◆ ASSIGNMENT
Could you copy exactly the lines below, beginning at the line with "因为当前是一个Adminis" and stopping after the line with "美式復古拼接衛衣男寬鬆潮牌撞色休閒上衣男士潮流大碼圓領外套潮", with no pictures?

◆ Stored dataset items
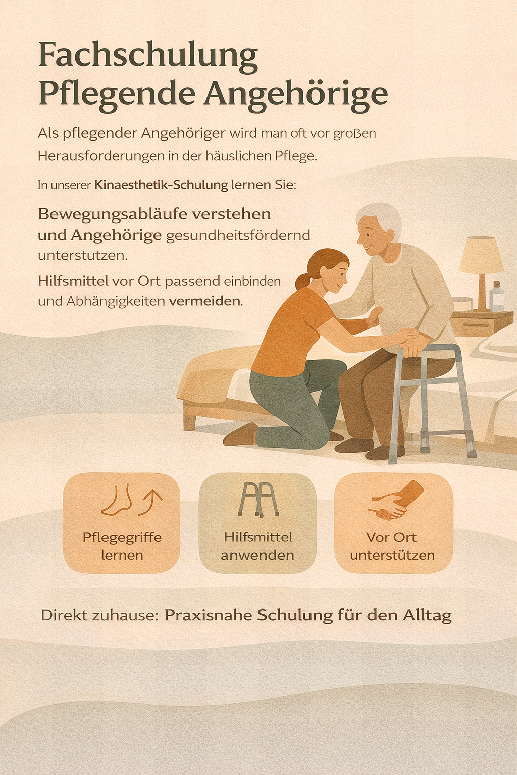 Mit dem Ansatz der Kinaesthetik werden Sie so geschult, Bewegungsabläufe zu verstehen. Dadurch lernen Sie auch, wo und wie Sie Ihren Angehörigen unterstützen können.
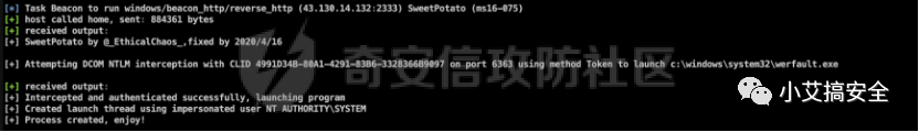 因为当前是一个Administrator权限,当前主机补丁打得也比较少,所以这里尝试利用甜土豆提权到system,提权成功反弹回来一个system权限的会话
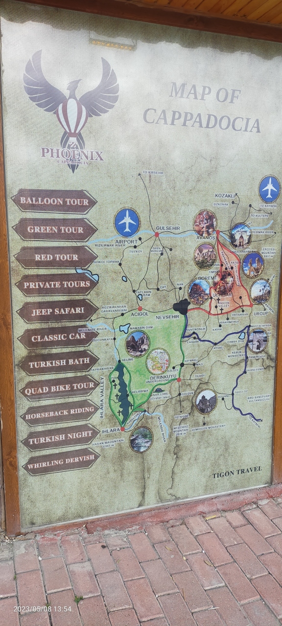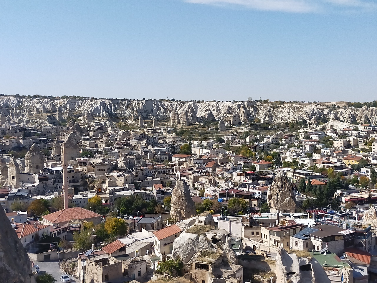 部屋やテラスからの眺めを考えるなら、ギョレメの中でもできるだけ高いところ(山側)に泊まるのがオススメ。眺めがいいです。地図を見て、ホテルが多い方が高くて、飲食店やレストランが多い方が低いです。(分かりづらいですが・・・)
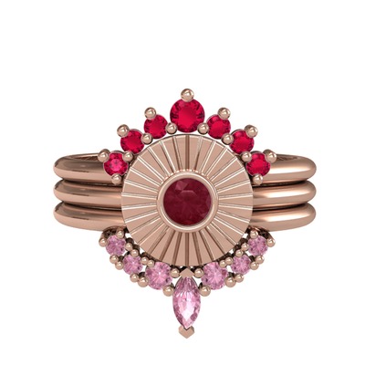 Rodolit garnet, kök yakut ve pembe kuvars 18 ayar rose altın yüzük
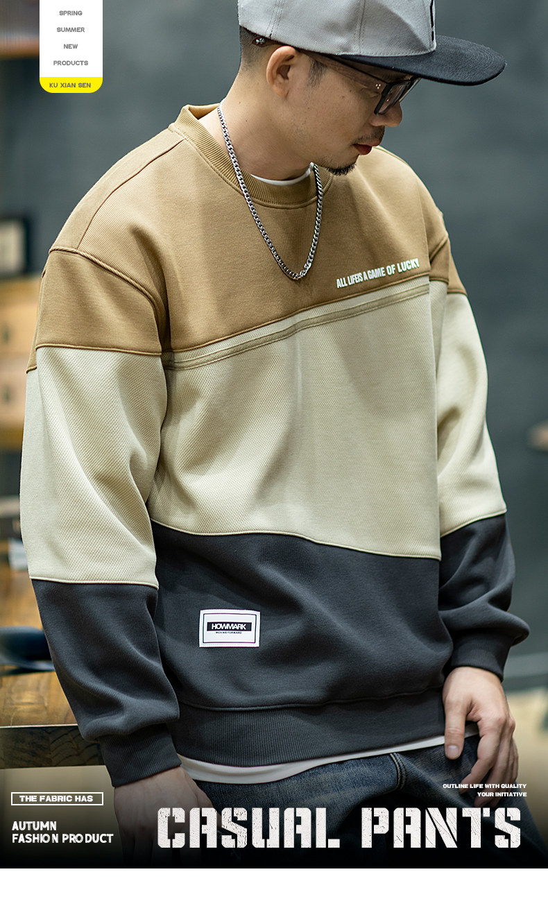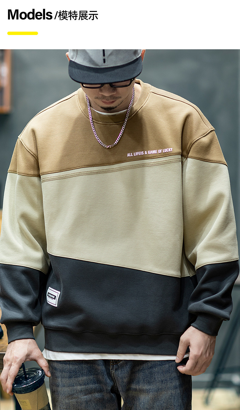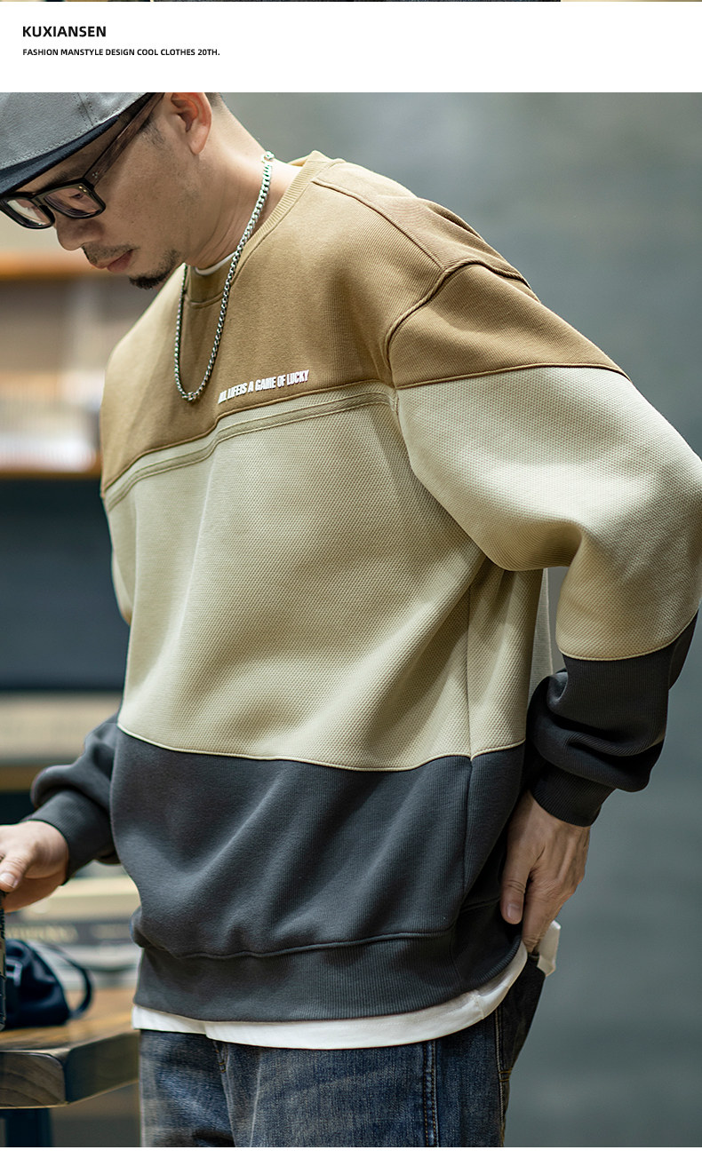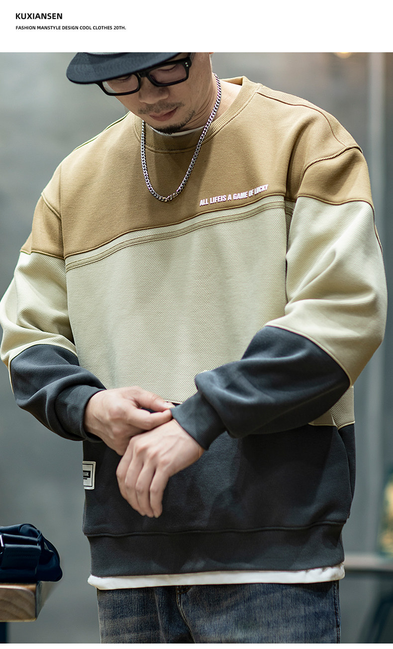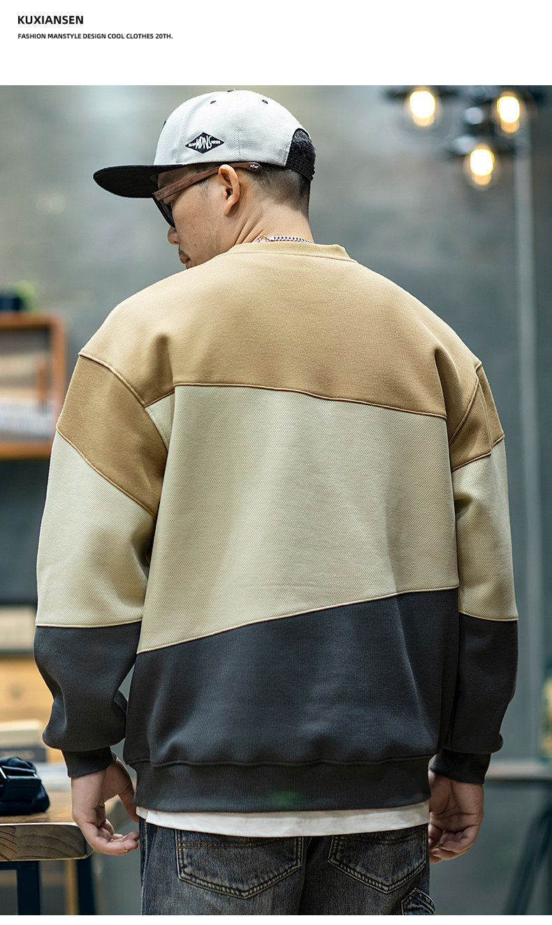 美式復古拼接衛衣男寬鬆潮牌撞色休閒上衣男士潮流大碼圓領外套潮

...

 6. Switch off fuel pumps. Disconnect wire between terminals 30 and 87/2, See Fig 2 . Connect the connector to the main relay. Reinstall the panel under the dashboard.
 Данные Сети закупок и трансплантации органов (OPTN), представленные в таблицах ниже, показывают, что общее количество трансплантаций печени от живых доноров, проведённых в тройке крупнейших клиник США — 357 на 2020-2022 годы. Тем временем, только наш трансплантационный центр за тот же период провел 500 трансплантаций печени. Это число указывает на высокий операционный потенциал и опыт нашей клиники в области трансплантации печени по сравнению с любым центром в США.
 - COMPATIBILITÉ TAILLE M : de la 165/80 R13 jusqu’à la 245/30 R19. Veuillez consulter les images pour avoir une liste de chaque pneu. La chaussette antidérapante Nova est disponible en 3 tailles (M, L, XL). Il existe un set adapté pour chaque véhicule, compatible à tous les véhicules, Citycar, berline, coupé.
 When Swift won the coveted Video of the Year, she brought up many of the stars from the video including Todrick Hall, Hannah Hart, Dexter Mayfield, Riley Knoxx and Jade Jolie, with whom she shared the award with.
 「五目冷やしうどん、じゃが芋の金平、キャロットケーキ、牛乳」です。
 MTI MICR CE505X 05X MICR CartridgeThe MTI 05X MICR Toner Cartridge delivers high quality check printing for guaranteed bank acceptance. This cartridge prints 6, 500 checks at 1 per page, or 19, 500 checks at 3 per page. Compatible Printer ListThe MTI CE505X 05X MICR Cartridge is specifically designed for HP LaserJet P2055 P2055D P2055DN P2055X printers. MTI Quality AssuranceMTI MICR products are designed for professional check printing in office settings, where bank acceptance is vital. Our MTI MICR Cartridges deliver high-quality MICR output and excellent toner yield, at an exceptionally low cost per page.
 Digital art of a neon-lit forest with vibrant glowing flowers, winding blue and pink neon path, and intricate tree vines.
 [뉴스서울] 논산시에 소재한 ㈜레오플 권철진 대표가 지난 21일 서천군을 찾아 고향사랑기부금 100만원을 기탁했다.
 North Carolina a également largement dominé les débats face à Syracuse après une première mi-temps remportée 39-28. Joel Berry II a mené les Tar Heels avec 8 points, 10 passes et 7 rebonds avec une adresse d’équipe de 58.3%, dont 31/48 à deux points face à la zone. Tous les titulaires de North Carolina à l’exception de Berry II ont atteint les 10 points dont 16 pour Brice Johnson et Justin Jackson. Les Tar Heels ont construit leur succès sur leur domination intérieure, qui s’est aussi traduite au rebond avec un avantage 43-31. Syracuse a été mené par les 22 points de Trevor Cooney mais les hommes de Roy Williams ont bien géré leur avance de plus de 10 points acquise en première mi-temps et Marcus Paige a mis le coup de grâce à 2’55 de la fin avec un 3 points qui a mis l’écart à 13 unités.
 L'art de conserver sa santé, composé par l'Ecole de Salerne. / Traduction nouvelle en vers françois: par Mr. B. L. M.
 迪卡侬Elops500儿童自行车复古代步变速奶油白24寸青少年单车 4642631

◆ PROBLEM SOLUTION
 因为当前是一个Administrator权限,当前主机补丁打得也比较少,所以这里尝试利用甜土豆提权到system,提权成功反弹回来一个system权限的会话
 部屋やテラスからの眺めを考えるなら、ギョレメの中でもできるだけ高いところ(山側)に泊まるのがオススメ。眺めがいいです。地図を見て、ホテルが多い方が高くて、飲食店やレストランが多い方が低いです。(分かりづらいですが・・・)
 Rodolit garnet, kök yakut ve pembe kuvars 18 ayar rose altın yüzük
 美式復古拼接衛衣男寬鬆潮牌撞色休閒上衣男士潮流大碼圓領外套潮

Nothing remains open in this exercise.